Rather than believing there is a controversy in the field, he likes to think that it is “exploring.” “First, would a neurovascular fellowship followed by a certificate exam improve patient safety? Surely, the answer is yes,” he said. “Should certification require fellowship years (perhaps with a grandfather clause)?” he asked. “For that, the answer might be, good luck finding enough fellows to ever populate this field, particularly as Medicare ratchets down reimbursement every year.” Dr. Lossing believes the solution is to divide the field into two categories: “attending neurohospitalists” and “consulting neurohospitalists,” with respective levels of credentialing.
Meanwhile, the course of neurohospitalist medicine has yet to be written, and much depends of the success of unity over divisiveness. “Existing cliques and groups do us significantly more harm than benefit,” Dr. Dawson cautioned. “Why can't each of us say we are all neurologists and sit down together? When can we see not an academician and not a community neurologist, but a solid group more concerned with working together and effectively addressing all sides of the neurohospitalist future?” she reflected. She pointed to the recent blow to neurologists who perform neurodiagnostic testing as an example and asked, “Are any of us fool enough to think similar threats will not affect us?”
Dr. Avitzur, a neurologist in private practice in Tarrytown, NY, holds academic appointments at Yale University School of Medicine and New York Medical College. She is an associate editor of Neurology Today and chair of the AAN Medical Economics and Management Committee.
WHAT EFFECT DO NEUROHOSPITALISTS HAVE ON PATIENT OUTCOMES AND OTHER QUALITY MEASURES:
Three posters at the 2013 AAN annual meeting focused on the impact of neurohospitalists on patient outcomes:
* The Impact of a Neurohospitalist Service on Patient and Educational Outcomes at an Academic Medical Center: http://bit.ly/ZGlOBi — Investigators found that the introduction of a neurohospitalist service at an academic medical center coincided with a reduction in length of stay and improvement in medical student satisfaction without impacting overall costs, in-hospital mortality, or patient satisfaction.
* The Impact of Neurohospitalist Service on In-Patient Outcomes: An Academic Medical Center Experience: http://bit.ly/11yNVCc — Investigators studied how the neurohospitalist service affects inpatient neurology outcomes with respect to length of stay at a tertiary academic medical center, and concluded that the neurohospitalist service at a tertiary medical center was not associated with a reduction in length of stay.

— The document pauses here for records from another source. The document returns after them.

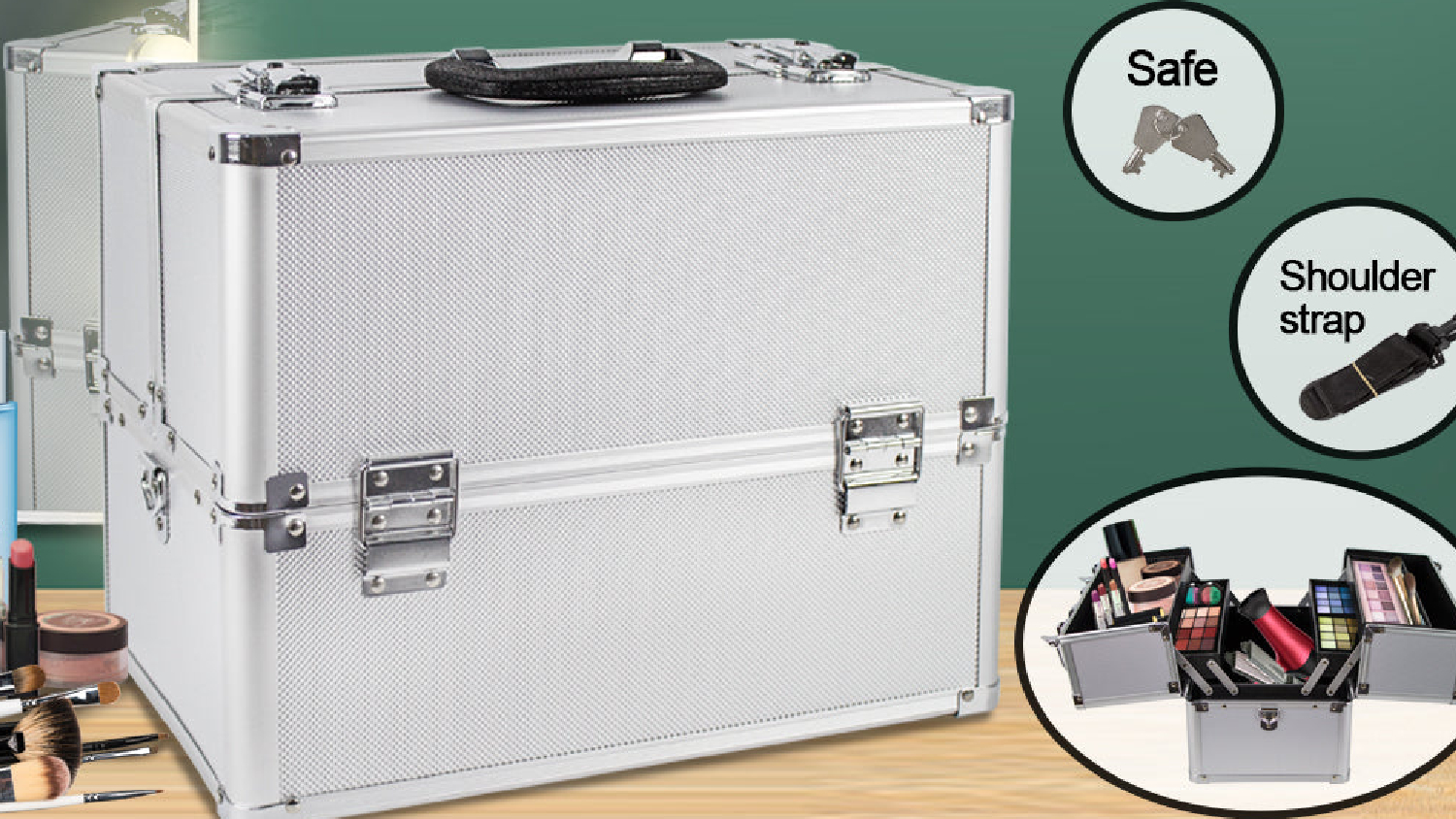 *TSB Living Portable Makeup Case w/ Handle, Shoulder Strap Silver only. Other colours are sold separately.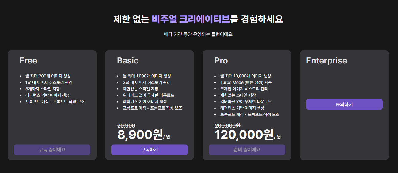 무료 구독으로 월 최대 200개 이미지 생성 테스트를 해볼 수 있다.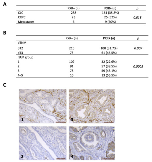 PXR expression in prostate cancer samples. (A) PXR expression increases with disease progression, from CLC to metastases (p = 0.018). (B) PXR staining depending on the pTNM status or on the ISUP group. PXR was more frequent in pT3 tumors when compared with pT2 (p = 0.007), and in tumors with high ISUP score when compared with tumors with lower ISUP score (p = 0.0005). (C) Representative immunostainings showing a positive correlation between PXR and CYP3A4 expressions (p = 0.0006): most tumors negative for PXR (1) were also negative for CYP3A4 (2), and most tumors that express PXR (3) also express CYP3A4 (4). PXR: Pregnane X Receptor. CLC: clinically localized cancers. CRPC: castration-resistant prostate cancers. Scale bars correspond to 100 μm.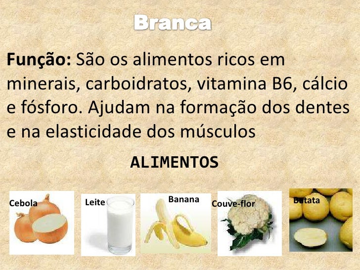 Branca<br />Função: São os alimentos ricos em minerais, carboidratos, vitamina B6, cálcio e fósforo. Ajudam na formação do...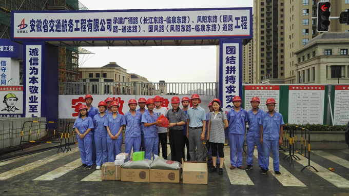许总一行来到施工现场,为正在作业的项目部职工送上慰问品,他仔细查看工程项目建设情况、夏季防暑降温工作开展情况。随后在项目驻地召开座谈会,询问并听取了项目职工关于工程进度、财务报销、材料领用发放、成本核算、二次经营等工作汇报,许总结合集团“大宣讲”活动和“讲严立”专题警示教育活动对下一步如何落实各项生产计划给予指示,要求项目部提高执行力,力争高质量按期履约,在合肥市瑶海区打造安徽交航品牌形象。他同时强调项目部应在抓好生产的同时,切实做好高温季节的防暑降温工作,提高安全生产防范意识,积极维护和保障一线工人权益。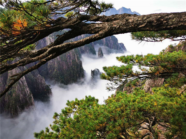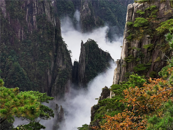 秋雨中的黃山別有另一番韻味,霧氣隨著秋風在山間肆意飄動,給滿山秋色籠上了一層薄薄的面紗,好似一幅中國寫意山水畫。上午8時左右,在黃山蓮花亭附近雲海乍現,白色的雲霧從山谷中緩緩升起,伴著秋風在峰巔舞動,引得遊人駐足觀賞、歡呼雀躍,紛紛拿出手裏記錄這一刻的黃山美景。
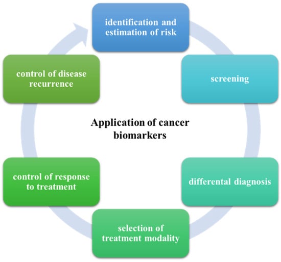 The National Cancer Institute defines a biomarker as a biological molecule present in body fluids or tissues that signals normal or abnormal processes, conditions, or diseases []. Over the years, knowledge of cancer biomarkers (CB) has increased, enabling improvements in efficient detection and the efficacy of treatments due to their wide range of applications (Figure 1) [].

* The Neurohospitalist. Key Performance Indicators. Experience in The American British Cowdray Medical Center, Centro Neurologico ABC in Mexico City: http://bit.ly/11AGtWb — The researchers applied five key performance indicators to evaluate the effect the neurohospitalist has in preserving standards of quality and safety, and found strong evidence supporting the importance of having a neurohospitalist included as a member of a neurological center; doing so preserved and maximized quality and safety standards.